### Records supplied
* * * *

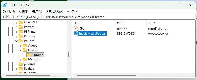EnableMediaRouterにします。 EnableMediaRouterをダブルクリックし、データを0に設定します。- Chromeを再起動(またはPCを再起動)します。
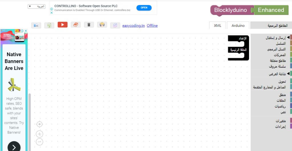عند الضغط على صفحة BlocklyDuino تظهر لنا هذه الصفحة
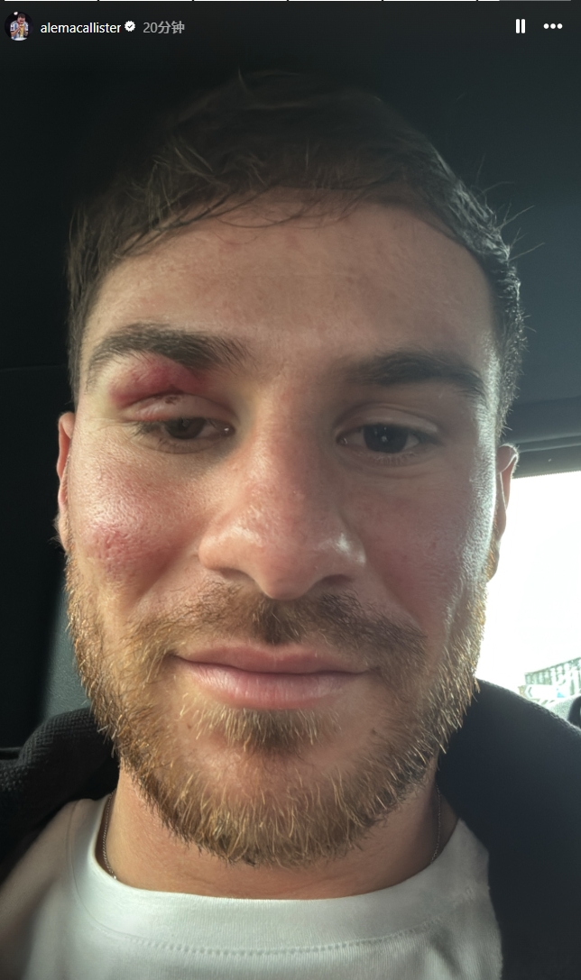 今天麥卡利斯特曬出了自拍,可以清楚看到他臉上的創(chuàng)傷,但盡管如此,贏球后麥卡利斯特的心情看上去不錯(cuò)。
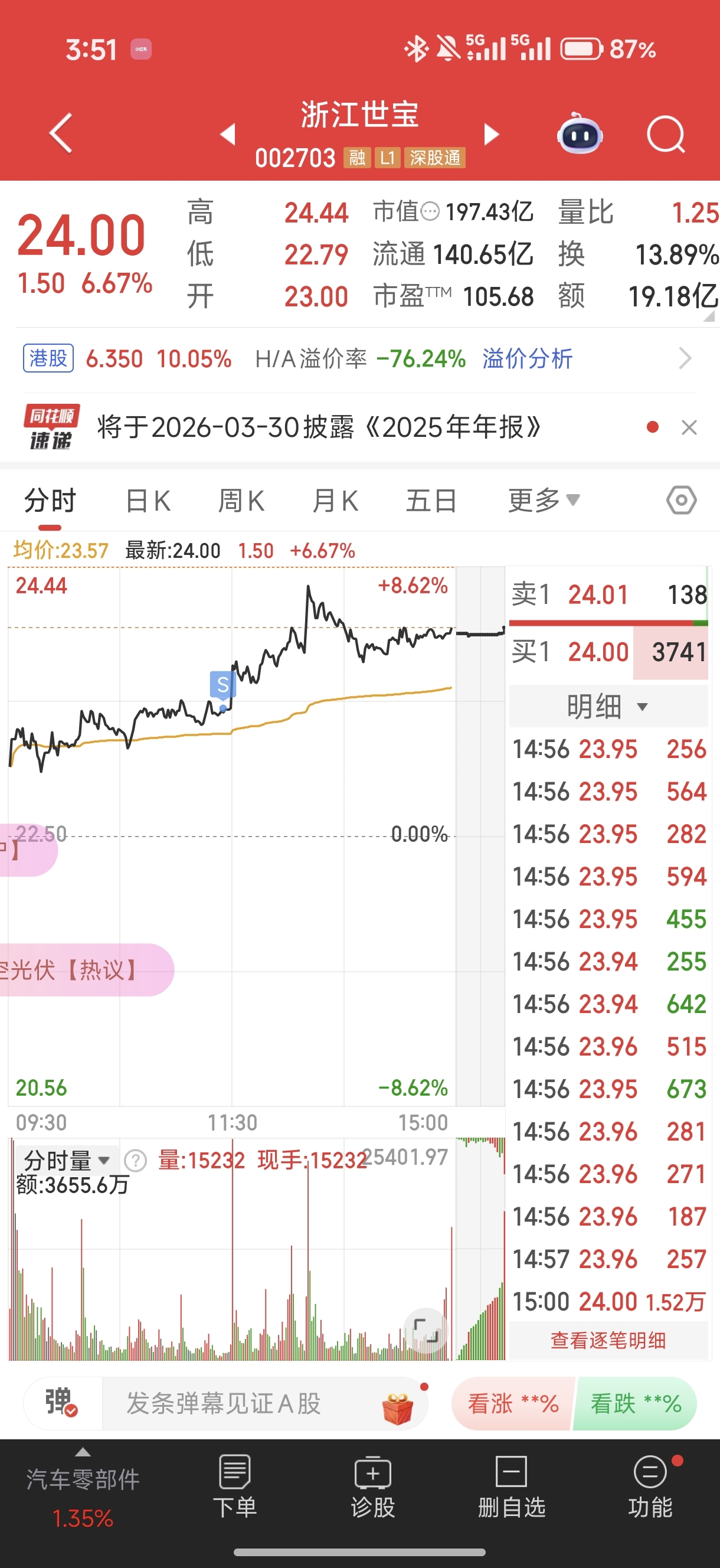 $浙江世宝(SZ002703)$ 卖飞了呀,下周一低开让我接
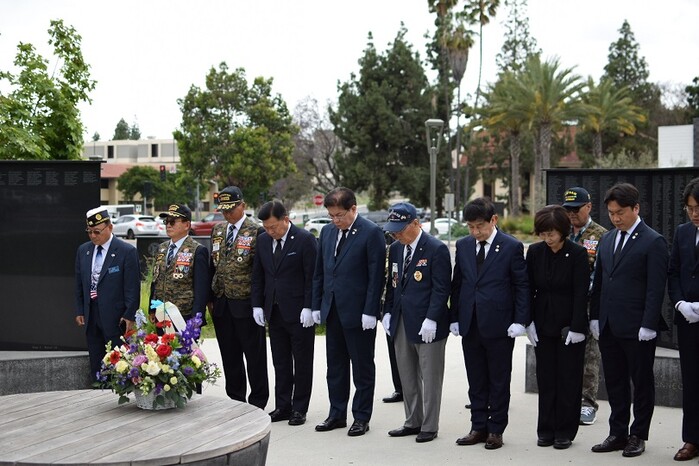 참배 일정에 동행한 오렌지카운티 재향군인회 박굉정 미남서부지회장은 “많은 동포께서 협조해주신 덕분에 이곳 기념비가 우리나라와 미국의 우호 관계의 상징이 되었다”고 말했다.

* * * *

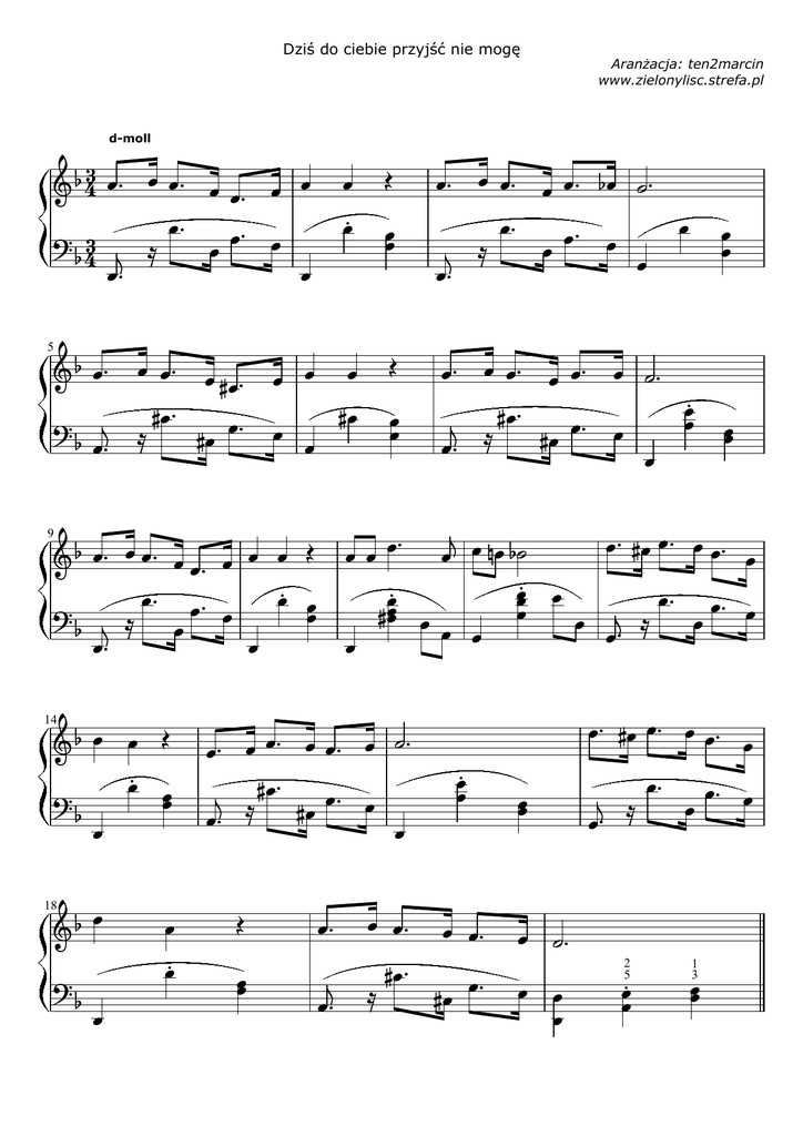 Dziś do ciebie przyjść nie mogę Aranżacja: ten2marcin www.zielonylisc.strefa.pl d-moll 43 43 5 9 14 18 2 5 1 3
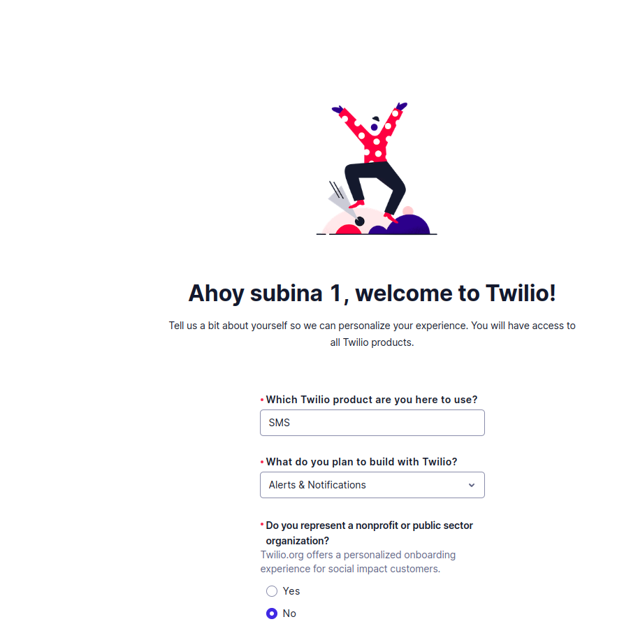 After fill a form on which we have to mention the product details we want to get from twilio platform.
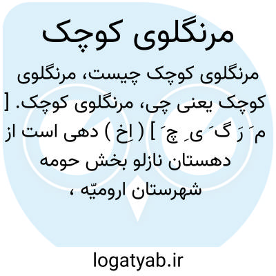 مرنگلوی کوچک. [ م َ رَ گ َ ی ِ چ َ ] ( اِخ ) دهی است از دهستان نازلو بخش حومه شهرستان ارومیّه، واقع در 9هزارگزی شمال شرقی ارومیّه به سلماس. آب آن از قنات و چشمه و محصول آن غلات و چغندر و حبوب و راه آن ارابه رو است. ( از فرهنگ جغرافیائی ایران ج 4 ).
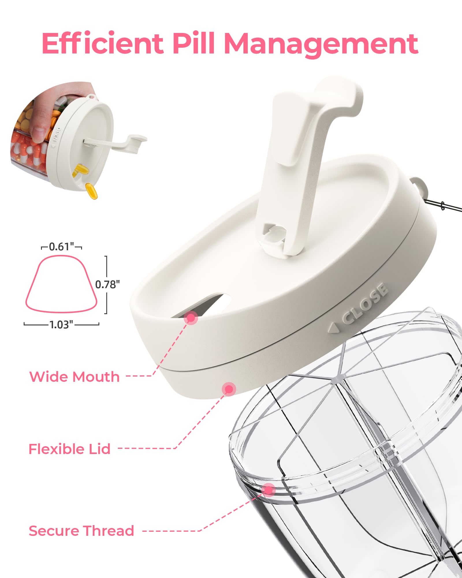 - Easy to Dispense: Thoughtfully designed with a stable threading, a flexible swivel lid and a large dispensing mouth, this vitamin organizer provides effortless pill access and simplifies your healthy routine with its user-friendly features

* * * *

### Instructions for the task
Print the line above containing "عند الضغط على", the line containing "참배 일정에 동행한 오렌지카운티", and everything between them, exactly as written. Pictures stay out.

### Task solution
عند الضغط على صفحة BlocklyDuino تظهر لنا هذه الصفحة
 今天麥卡利斯特曬出了自拍,可以清楚看到他臉上的創(chuàng)傷,但盡管如此,贏球后麥卡利斯特的心情看上去不錯(cuò)。
 $浙江世宝(SZ002703)$ 卖飞了呀,下周一低开让我接
 참배 일정에 동행한 오렌지카운티 재향군인회 박굉정 미남서부지회장은 “많은 동포께서 협조해주신 덕분에 이곳 기념비가 우리나라와 미국의 우호 관계의 상징이 되었다”고 말했다.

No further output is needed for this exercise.